You’ll also be more closely monitored during your pregnancy and birth to check for any potential problems.

If you have gestational diabetes, it’s best to give birth before 41 weeks. Induction of labour or a caesarean section may be recommended if labour does not start naturally by this time.

Earlier delivery may be recommended if there are concerns about your or your baby’s health or if your blood sugar levels have not been well controlled.

Long-term effects of gestational diabetes

Gestational diabetes normally goes away after birth. But women who’ve had it are more likely to develop:

Gestational diabetes again in future pregnancies

type 2 diabetes – a lifelong type of diabetes

You should have a blood test to check for diabetes 6 to 13 weeks after giving birth, and once every year after that if the result is normal.

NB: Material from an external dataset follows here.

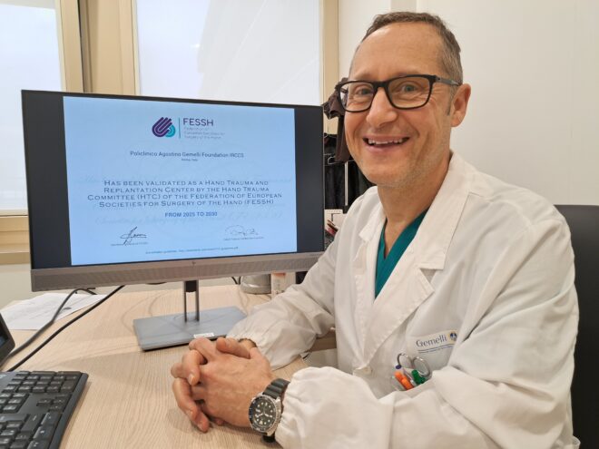 La UOC di Ortopedia e Chirurgia della mano di Fondazione Policlinico Gemelli IRCCS, diretta dal professor Lorenzo Rocchi, ha appena ricevuto il prestigioso ‘diploma’ della Federazione delle Società Europee di Chirurgia della Mano (FESSH), che la riconosce come centro ‘accreditato FESSH’ per i traumi e i reimpianti della mano. Si tratta di una prestigiosa certificazione europea rilasciata solo a centri di riferimento in grado di offrire cure di eccellenza nei traumi della mano. La UOC di Chirurgia della Mano del Gemelli, una delle più grandi d’Italia, entra così nel ristretto novero dei centri italiani in possesso di questo prestigioso ‘diploma’ europeo.

See your Doctor if you develop symptoms of high blood sugar, such as increased thirst, needing to pee more often than usual, and a dry mouth – do not wait until your next test.

You should have the tests even if you feel well, as many people with diabetes do not have any symptoms.

You’ll also be advised about things you can do to reduce your risk of getting diabetes, such as maintaining a healthy weight, eating a balanced diet and exercising regularly.

Some research has suggested that babies of mothers who had gestational diabetes may be more likely to develop diabetes or become obese later in life.